In such a situation, the motor 740 would initially be rotating in a
direction to move the ball spot to the left and the wiper of the
potentiometer 726 to the left as viewed in FIG. 19. However, when
the voltage peaked out in the positive direction, the direction of
rotation of the motor 740 would be reversed and it would begin to
move the projected spot toward the right and the wiper of the
potentiometer 726 would begin to be moved toward the right as
viewed in FIG. 19. When, in the course of the negative going swing
of the voltage quantity representative of S.sub.x, the latter was
equal to a 0-volt potential, the wiper of the potentiometer 726
would be at the centerpoint of the potentiometer 726 and as the
voltage quantity representative of S.sub.x increased on the
negative side of 0-volts, the motor 740 would continue to move the
projected spot to the right and the wiper of potentiometer 726 to
the right as viewed in FIG. 19.
The action for a ball initially hit to the right but with a hook
would be substantially the same as that described above except
that, of course, each of the actions described would take place in
the opposite direction.
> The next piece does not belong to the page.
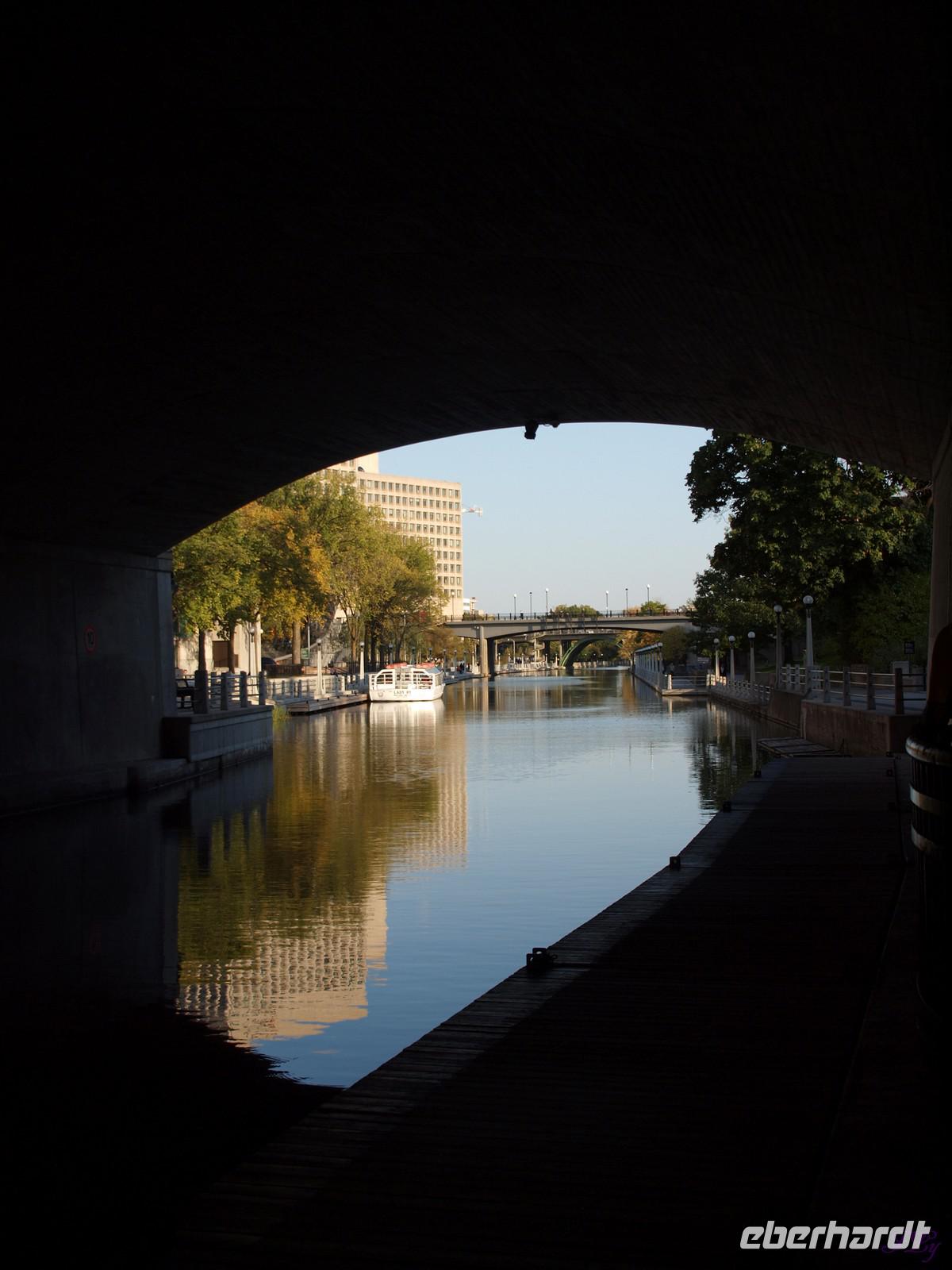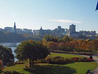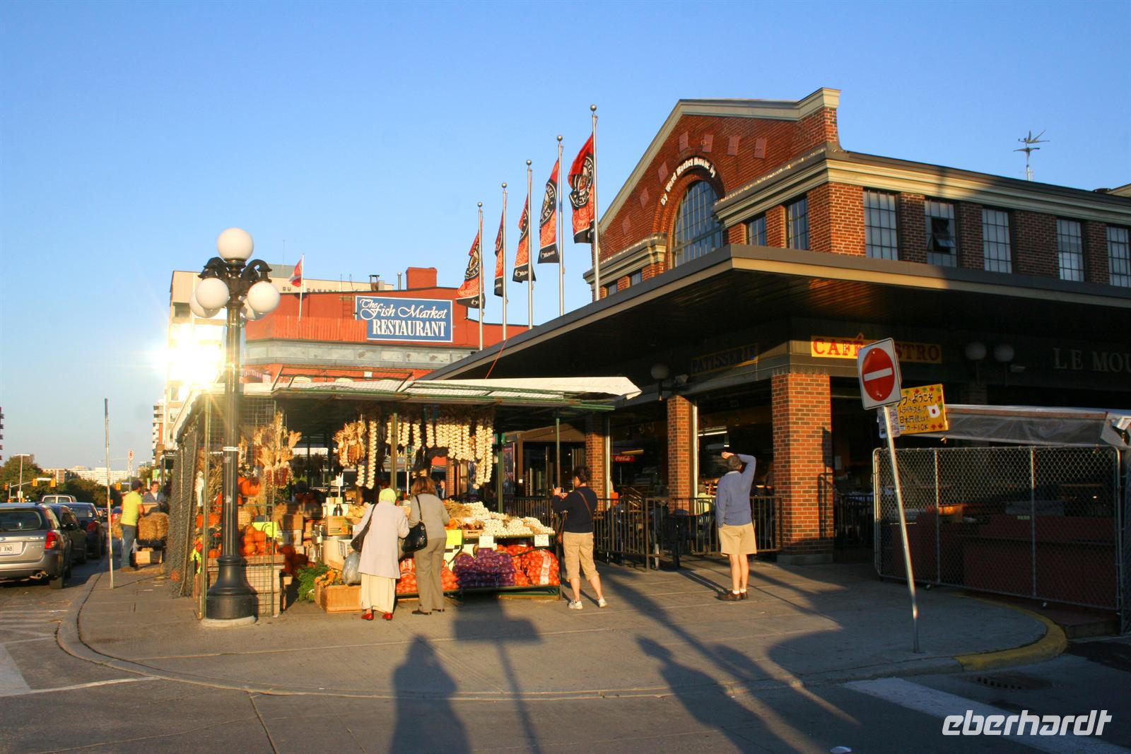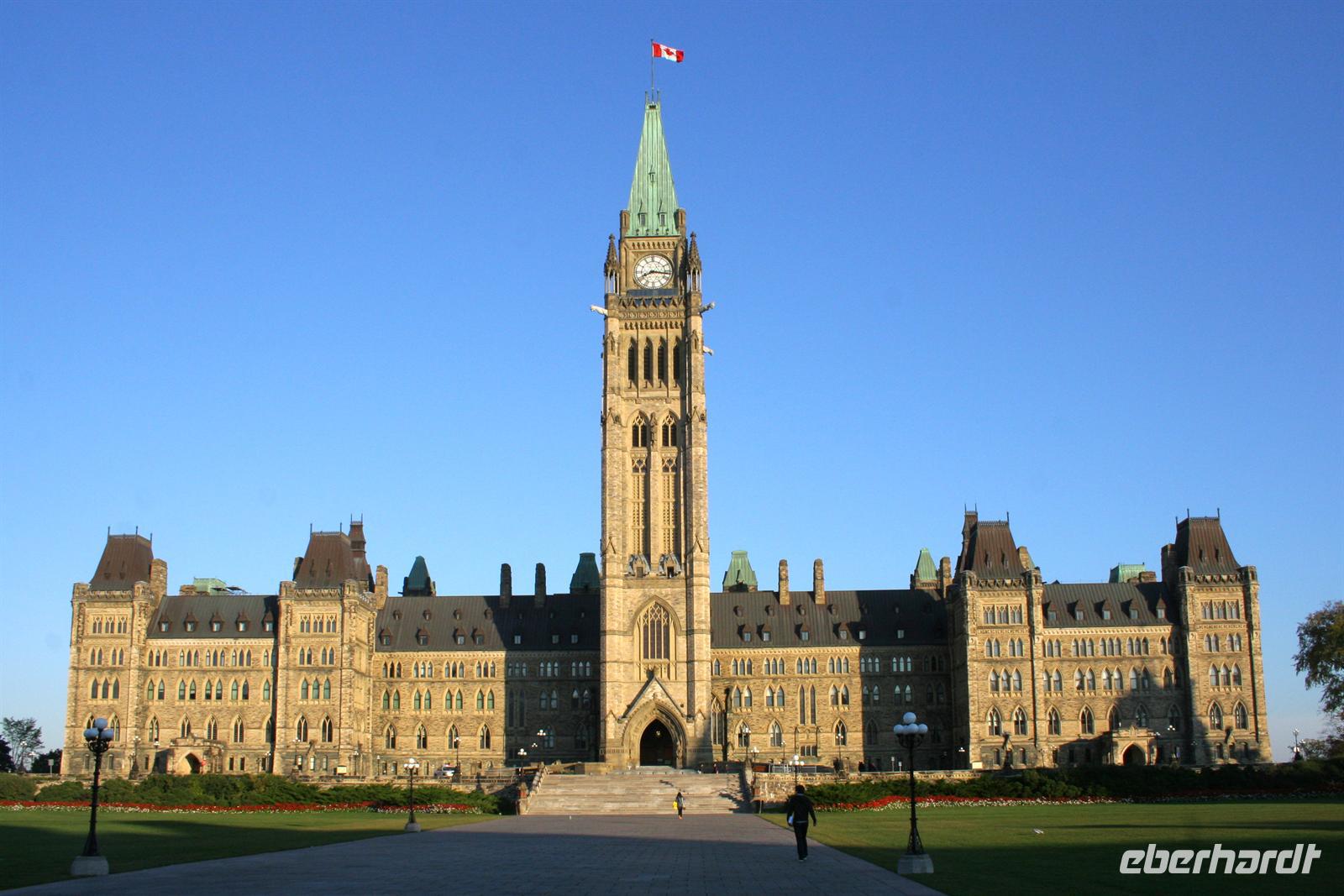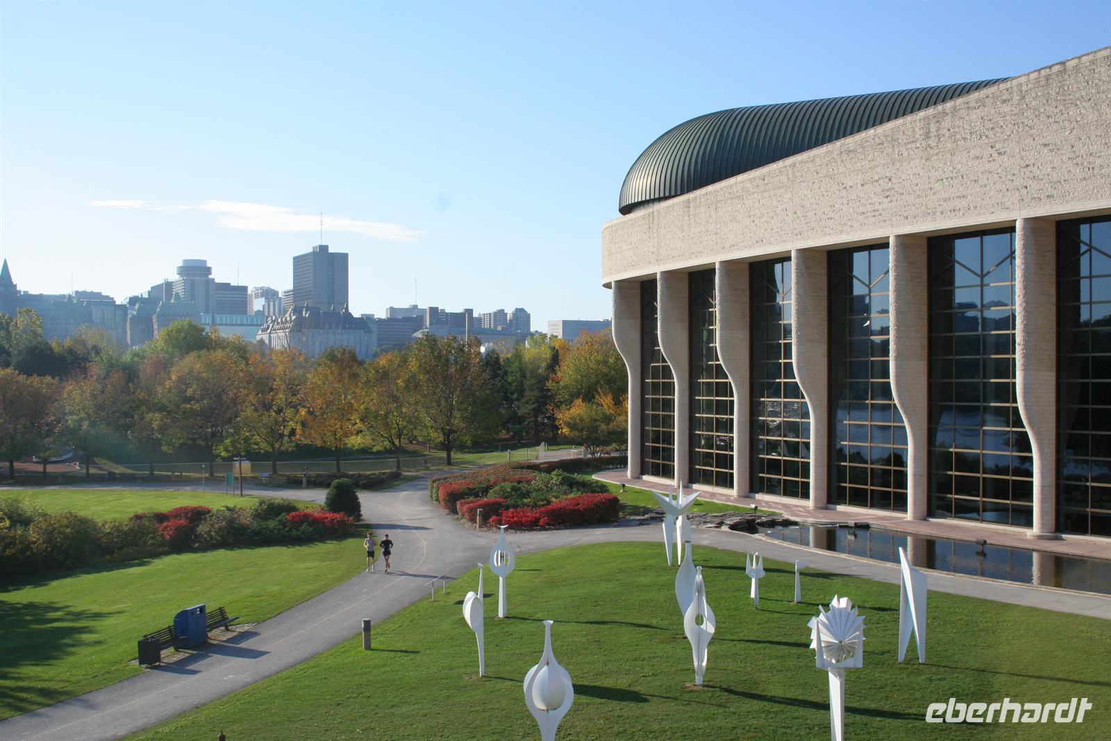 Freitag, 07.10.2011 Algonquin-Nationalpark - Logging Trail - Ottawa Am Freitag müssen wir etwas eher los, denn wir haben eine lange Fahrtstrecke von 420 Kilometern vor uns. Weckruf ist daher um 6.00 Uhr, Frühstück und 7.00 und Abfahrt um 8.00 Uhr. Heute erkunden wir den östlichen Teil des Algonquin-Parks. Wir fahren zunächst etwa eine Stunde zum Algonquin-Besucherzentrum. Hier gibt es eine kleine Aussichtsplattform, einen Souvenirshop und ein Museum zur Geschichte und zur Tierwelt im Algonquin-Park. Man sieht, wie der der Biber seinen Bau baut, wie es in den Seen unter Wasser aussieht und verschiedene ausgestopfte Tiere wie den Schwarzbär, den Wolf und den Elch. Hier gibt es auch Toilettenmöglichkeit) Nach einer halben Stunde geht es ca. 20 Minuten weiter zum Holzfäller-Museum mit Rundwanderweg „Logging Trail“. Hier sehen wir uns einen kurzen Film über die Geschichte der Holzfäller an (nur in Englisch) und spazieren eine knappe Stunde den Logging Trail entlang. Brigitta erklärt uns Wissenswertes zu den einzelnen Stationen. Wir sehen die Unterkünfte der Holzfäller, die Pferdeställe, die Gerätschaften und Maschinen bis hin zu einem kleinen Dampfschiff (Alligator genannt), einer Dampflokomotive und moderneren Autos. Für einen CAD bekommt man auch eine kleine Broschüre, in der in Englisch alles mit Illustrationen und Text erläutert ist. 11.30 Uhr Weierfahrt in Richtung Ottawa. Unterwegs legen wir eine Kaffeepause bei Tim Hortons ein (Muffins, Sandwich und Burger). Gegen 15.00 Uhr kommen wir in Ottawa an und beginnen unsere Stadtrundfahrt. An der Mündung des Rideau-Flusses in den Ottawa-Fluss legen wir einen Fotostopp an dem kleinen Wasserfall ein (Rideau = Vorhang/Gardine). Vorbei am Kunstmuseum, dem Rathaus und dem By Ward Markt erreichen wir um 16.30 Uhr unser Hotel „Cartier Place“ in der Stadt. Wir verabreden uns für 17.00 Uhr in der Lobby zu einem Bummel in die Stadt. Die meisten Gäste gehen in kleinen Grüppchen allein los, ich gehe mit 6 Gästen los. Da der ATM Automat im Hotel nicht funktioniert, suchen wir uns in der Innenstadt eine Bank und ich helfe allen dort beim Geld abheben per Kreditkarte. Wir bummeln über den By Ward Markt, der 18.00 Uhr allerdings schließt. Rundherum gibt es eine Unmenge an Geschäften, Bars und Restaurants. An den Marktständen kann man frisches Obst und Gemüse kaufen, es gibt wohl auch 2 Stände mit Ahornprodukten. Nebenan ist ein großes Kaufhaus der Hudson Bay Company, das bis 20 oder 21 Uhr geöffnet ist. Wir kehren zum Abendessen (7 Personen) in das Fischrestaurant „The Fishmarket“ ein. Wir bekommen einen Tisch im Obergeschoss. Es gibt beispielsweise Pasta mit Lachs, Paella, Hähnchen mit Kartoffelecken oder auch Steak. Die Preise variieren zwischen 15 und 25 CAD pro Gericht. Alles ist sehr lecker und es klappt auch, dass wir letztlich alle getrennt bezahlen. Nach dem Abendessen spazieren wir zurück zum Hotel (ca. 15 Minuten), wo wir gegen 21.00 Uhr ankommen. Die Zimmer sind eher Appartements mit Schlafzimmer, Wohnzimmer, Bad und Küche. Die Küche ist voll ausgestattet mit Kühlschrank, Geschirr, Geschirrspüler, Mikrowelle, Herd und Wasserkocher. Das Bad verfügt über Wanne, Dusche, WC, Duschgel und Föhn. Es gibt auch wieder TV, Telefon, Radiowecker und Bügeleisen. Im Erdgeschoss rechts neben der Rezeption ist das Hotelrestaurant, hier gibt es auch das Frühstück am nächsten Morgen. Stadtpläne kann man an der Rezeption bekommen.

Similarly, for a ball that was initially
directed to the right and included a slice or for the case where
the ball was initially directed to the left and hooked, the action
would be generally similar to that described above except that at
no time would the motor 740 be required to reverse its direction of
rotation. Rather, the effect of the slice or the hook would be
reflected as an increase in the rate of rotation.
It is to be noted that by applying a potential across the
potentiometer 726 that is proportional to the distance in the Z
direction at any given instant, the position of the spot on the
screen 106 with regard to the X direction is controlled in
accordance with the distance the shot would have traveled. For
example, if a hundred-yard shot was 5 yards off of line, it will be
apparent that the just described circuitry will cause that spot to
be indicated twice as far to the appropriate side of the
theoretical straight shot line as would be the case for a 200 -yard
shot that was also 5 yards off of line.
As mentioned above, both the potentiometer 726 and 728 provide
inputs to their associated differential amplifiers that are
proportional to the actual displacement of the projected spot on
the screen 106 in their respective directions in order to insure
proper positioning of the projected spot. Analysis will show that
displacement in either the X or Y direction is equal to the length
of a leg of a corresponding right triangle and thus, both the X and
Y systems coupling the computer to the ball spot projector must
compute the length of the corresponding right triangle leg. Since
the manner of operation is the same in each instance and only the
triangles involved differ, only the X system will be discussed.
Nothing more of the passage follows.